[swift-evolution] Take 2: Stdlib closure argument labels and parameter names

Erica Sadun erica at ericasadun.com
Wed Jun 29 10:13:58 CDT 2016

> On Jun 29, 2016, at 12:39 AM, Dave Abrahams via swift-evolution <swift-evolution at swift.org> wrote:
> I've updated my pull request with a much more conservative set of
> changes that preserves/restores label-free-ness for all “term of art”
> functional methods such as filter and reduce.
> https://github.com/apple/swift/pull/2981
> My current thoughts are that many of the `by:` labels are awkward and
> not adding much.  Perhaps they all ought to be omitted.

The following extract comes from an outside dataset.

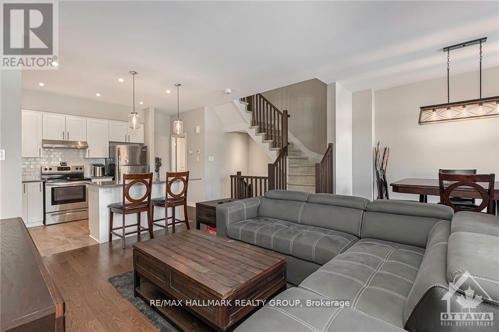 Welcome to this beautifully maintained, bright, and modern Richcraft townhome offering 2 spacious bedrooms and 3 bathrooms across three well-designed levels. Located within walking distance to schools, public transit, and shopping convenience is at your doorstep.The main level features a welcoming entryway with a versatile office nook perfect for working from home and access to the basement with ample storage space and room for a small gym.Upstairs, the open-concept second floor boasts 9-foot ceilings and stunning hardwood floors. The modern kitchen is equipped with stainless steel appliances, quartz countertops, and a large island ideal for cooking and entertaining. The spacious dining area accommodates a large table and leads to a private balcony with a BBQ gas hookup.The upper level includes a generously sized primary bedroom with room for a king-size bed, a walk-in closet, and a private ensuite. A second bedroom, a full bathroom, and a conveniently located laundry room complete this level.This home offers modern living with smart design and thoughtful finishes perfect for professionals, small families. (id:31145)

I'd be happy to see `by` labels go away, whether first or trailing. I'm not sure why Swift 3 wants 
to have so many extra labels when a very simple phrase is understandable on its own 
(e.g. max, min, sort, sorted).

Is it possible under the Swift umbrella to do the same for split since it has the rarely used
maxSplits, and omittingEmptySubsequences params? It would give you `split({$0 == " "})` 
and `split(atWhitespace)`.

Speaking of isAllWhitespace, would this be a prebuilt enumeration or is it a placeholder?
If the former, I have opinions (new lines, new lines and whitespace)

The managed buffer, are you "makingValueWith" instead of "makingHeaderWith" intentionally?
If so, no worries. If not, helpful ping.

Future Extensions:

* reduce(_:, combine:)  // way simpler

* "The argument against changing other names to be more consistent with API guidelines 
is weakened. "

 I think Sean Heber's `@termOfArt(name)` is a great way to have both worlds, where 
`select(where:)` or `where()` is the Swifty name and `@termOfArt(filter)` offers
a substitutable alias for fp aficionados. 

This approach is not anything I've ever seen previously in a programming language but 
its something that jumps out as a way to satisfy two distinct audiences of users
that would have limited impact but a decided advantage.

That said, I don't like `mapping` and `flattened`. If they're going to be Swiftized, go with
names that aren't standing in the "term of art" rubble: transform, squeeze, whatever.